### Action item
The word "dispositivo" marks the lines to report; pull each of them from the listing.

Data for the task Block Start

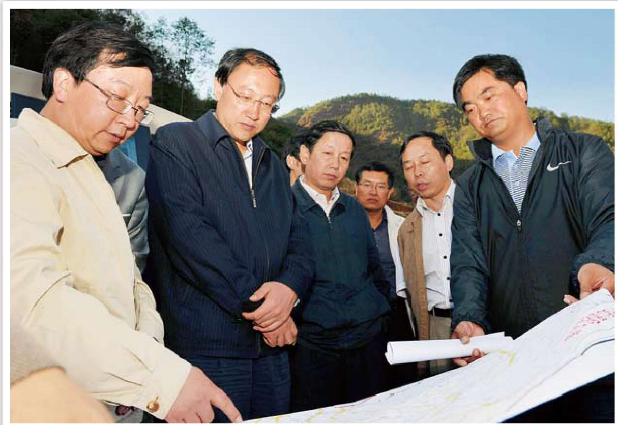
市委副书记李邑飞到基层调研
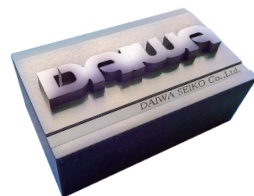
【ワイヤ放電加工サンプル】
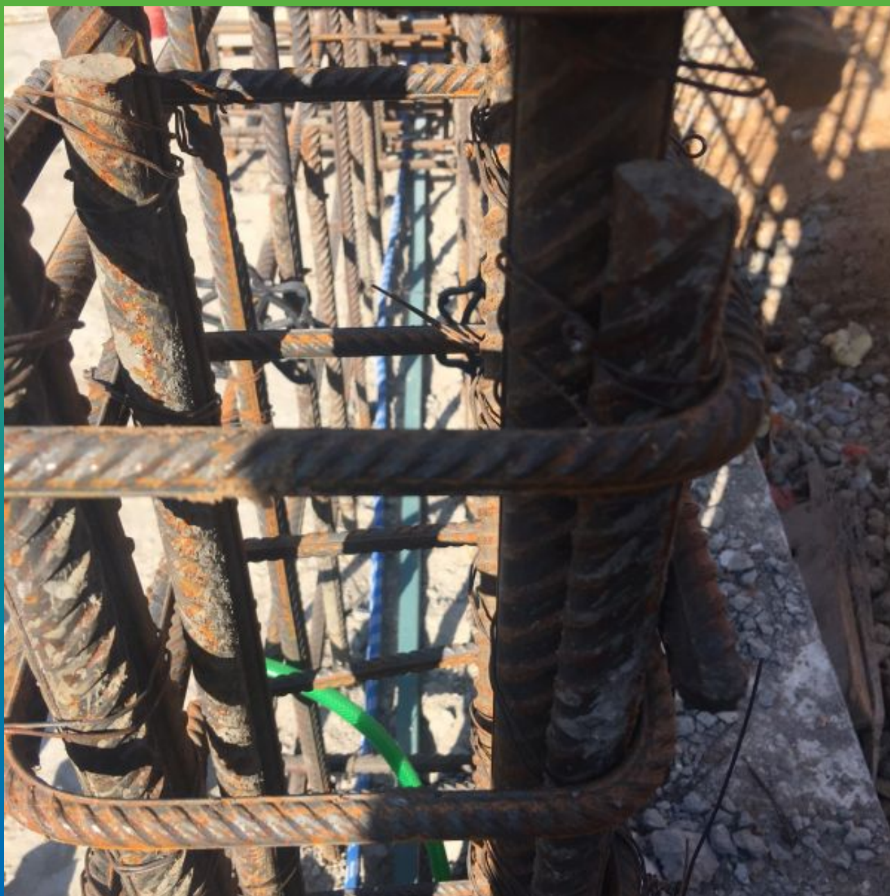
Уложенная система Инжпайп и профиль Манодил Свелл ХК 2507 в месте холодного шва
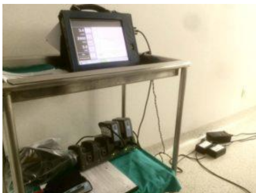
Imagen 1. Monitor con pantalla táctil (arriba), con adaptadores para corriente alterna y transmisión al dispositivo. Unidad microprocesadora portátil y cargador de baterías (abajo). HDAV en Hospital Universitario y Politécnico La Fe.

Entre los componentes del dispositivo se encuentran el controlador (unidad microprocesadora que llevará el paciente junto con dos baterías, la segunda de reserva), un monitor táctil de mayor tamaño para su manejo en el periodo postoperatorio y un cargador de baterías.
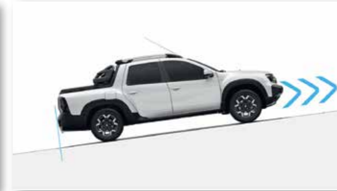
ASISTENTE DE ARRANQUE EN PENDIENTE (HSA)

Data for the task Block End

### Exercise answer
Imagen 1. Monitor con pantalla táctil (arriba), con adaptadores para corriente alterna y transmisión al dispositivo. Unidad microprocesadora portátil y cargador de baterías (abajo). HDAV en Hospital Universitario y Politécnico La Fe.
Entre los componentes del dispositivo se encuentran el controlador (unidad microprocesadora que llevará el paciente junto con dos baterías, la segunda de reserva), un monitor táctil de mayor tamaño para su manejo en el periodo postoperatorio y un cargador de baterías.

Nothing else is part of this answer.